20:28:28 <Rockyg> That's why the etherpad.  they don't need anything but the link and a loging and the discussion ensues.  They don't need to know or understand gerritt
20:28:30 <bknudson> as I said, I like the etherpad idea as an experiment
20:28:47 <jokke_> I start to like it ;)
20:28:48 <bknudson> might want to seed it with your use case
20:29:02 <Rockyg> Or yours.  Or both.
20:29:32 <bknudson> I can add mine.
20:30:02 <Rockyg> #link https://etherpad.openstack.org/p/Operator_Use_Cases
20:30:24 <bknudson> there's probably more issues in my use case than just that you can't track the request through the system.
20:30:48 <jokke_> bknudson: even better
20:30:55 <bknudson> although tracking the request will be a requirement
20:31:24 <Rockyg> Go for it.  I'll add an intro and put a use case out there.  the invalid thing is a hot button for a number of ops  It the trunk of a many branched problem
20:31:26 <bknudson> I'm thinking about -- keystone doesn't send back adequate error responses, horizon doesn't display them.

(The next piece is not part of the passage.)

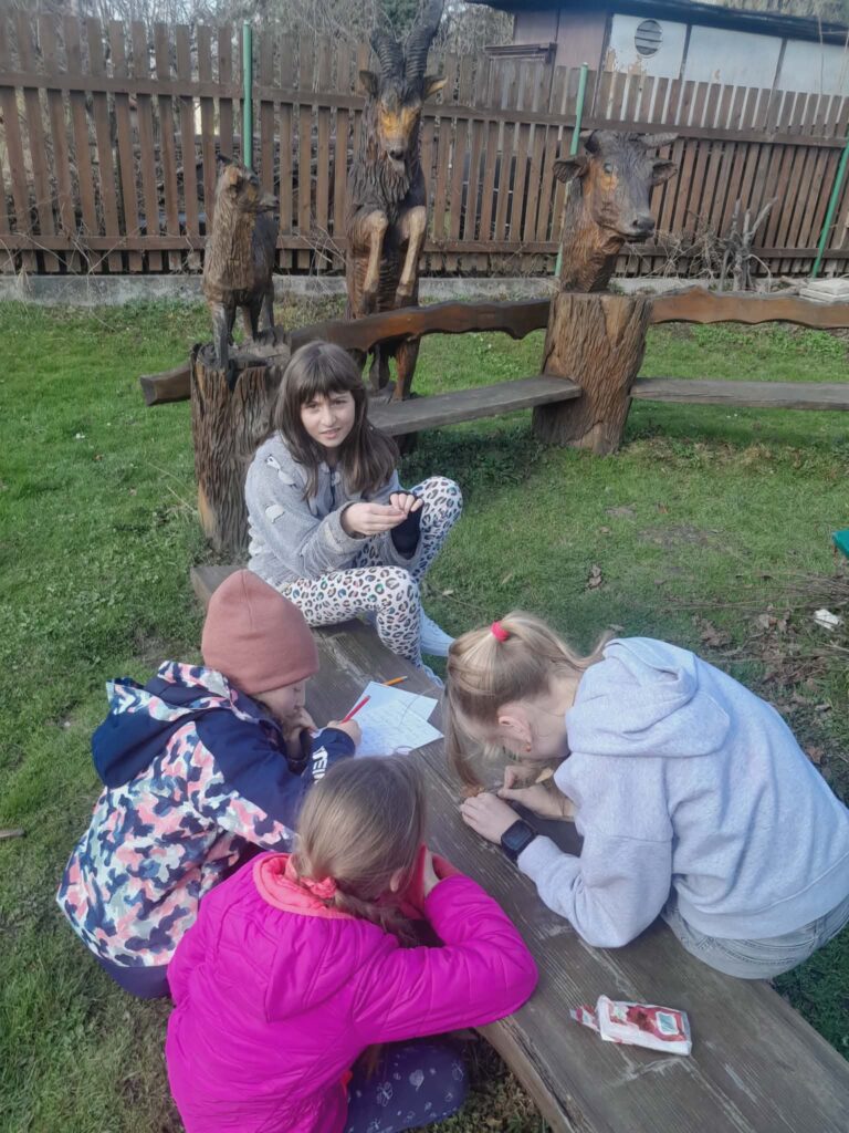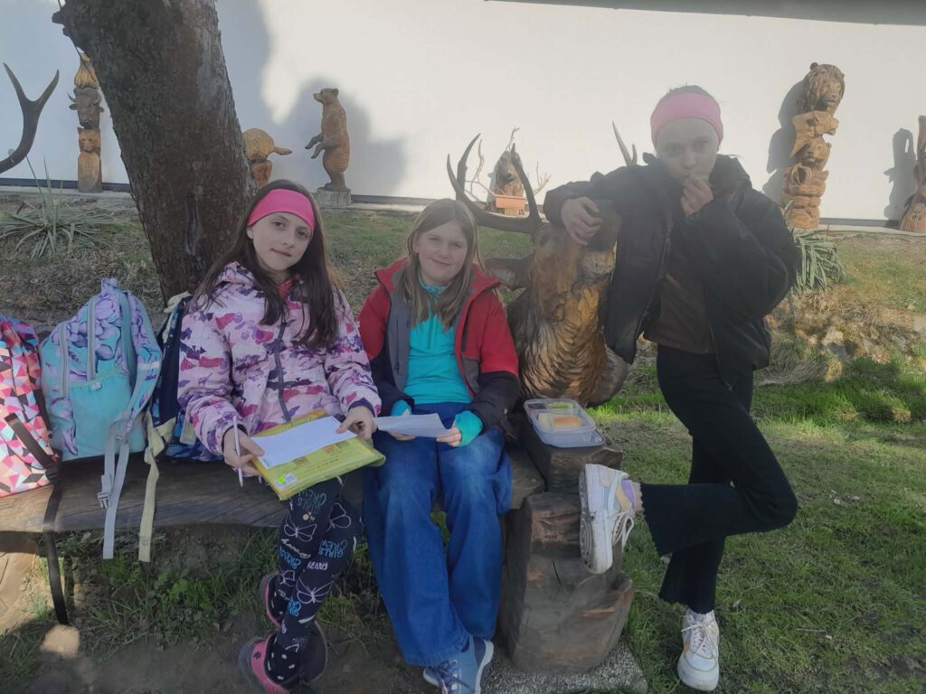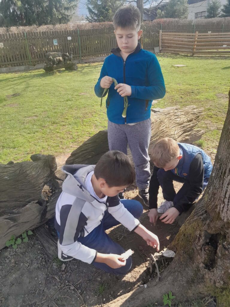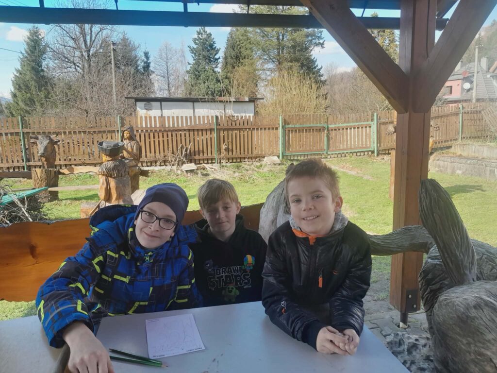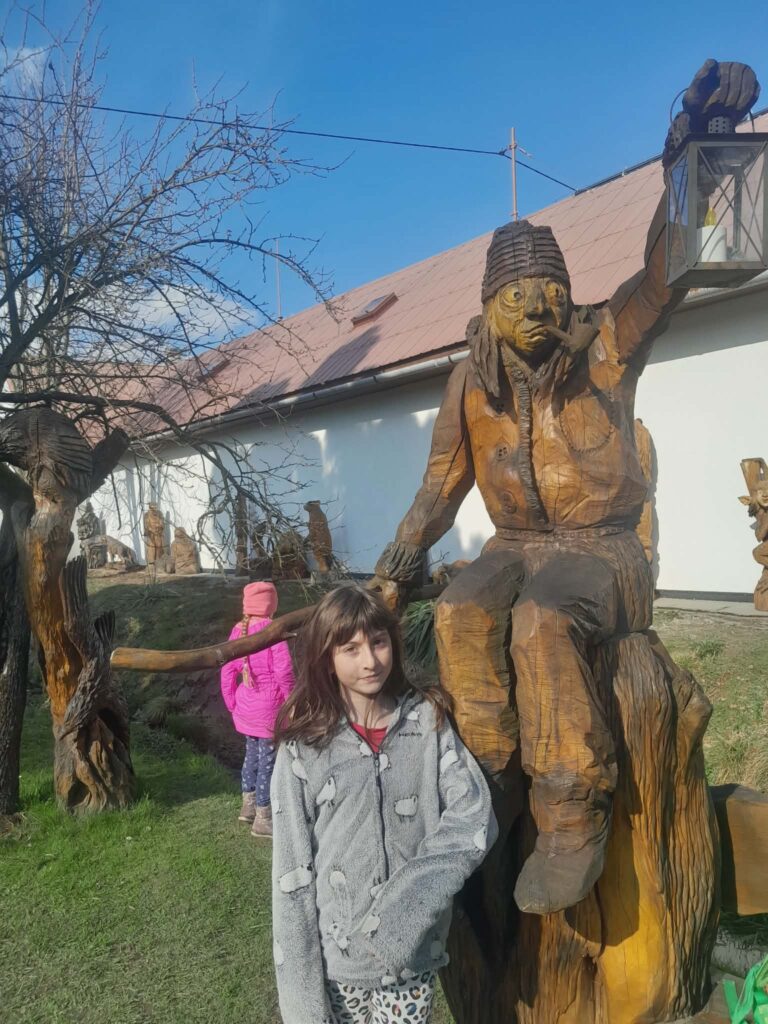 Žáci ze 3. a 1. oddělení naší školní družiny využili 24. března krásného slunečného počasí a vyrazili na procházku do Ráje dřevěných soch v Ostravici. Hlavním cílem byla návštěva místního stáda koz, které si mohli pohladit a sami nakrmit, protože majitel umělecký řezbář pan Vančura do zahrady umístil automat se zrním. Kozičky se jmenují po našich beskydských vrcholech –Skalka, Smrk a Lysá hora. Největší radost dětem udělalo nové kůzlátko, které ve stádě přibylo letos na jaře. Pokřtily ho jménem Ondřejník.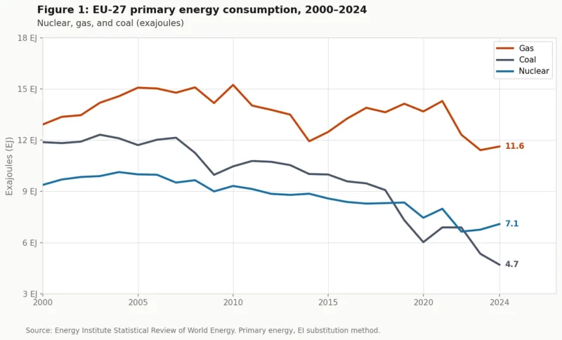 Bulgaria y Lituania cerraron centrales como condición para su adhesión a la UE. Alemania cerró ocho reactores inmediatamente después de Fukushima en marzo de 2011 y clausuró su último reactor operativo en abril de 2023. Suecia cerró cuatro de sus doce reactores comerciales. Francia empezó a replantear su compromiso con la energía nuclear. En 2024, el parque nuclear de la UE-27 contaba con 100 reactores. El consumo nuclear descendió desde un máximo de 10,1 exajulios (EJ) en 2004 hasta 7,1 EJ.

20:31:27 <jokke_> ignoring amit213 if needed someone ping me to remove that
20:31:34 <jokke_> amit213: please fix your client
20:32:40 <Rockyg> bknudson: I think use cases will likely encompass a number of needs.  They tend to be an integrated process that sucks in everything they touch ;-)
20:33:28 <jokke_> bknudson: that's actually pretty common issue around and not even being only related to horizon
20:33:45 <bknudson> but if we could show how "nice" it can be compared to how it is...
20:34:36 <bknudson> that you look in the keystone log and see "this user tried to login at 3:30 and the password was wrong" and tell them, vs having no idea.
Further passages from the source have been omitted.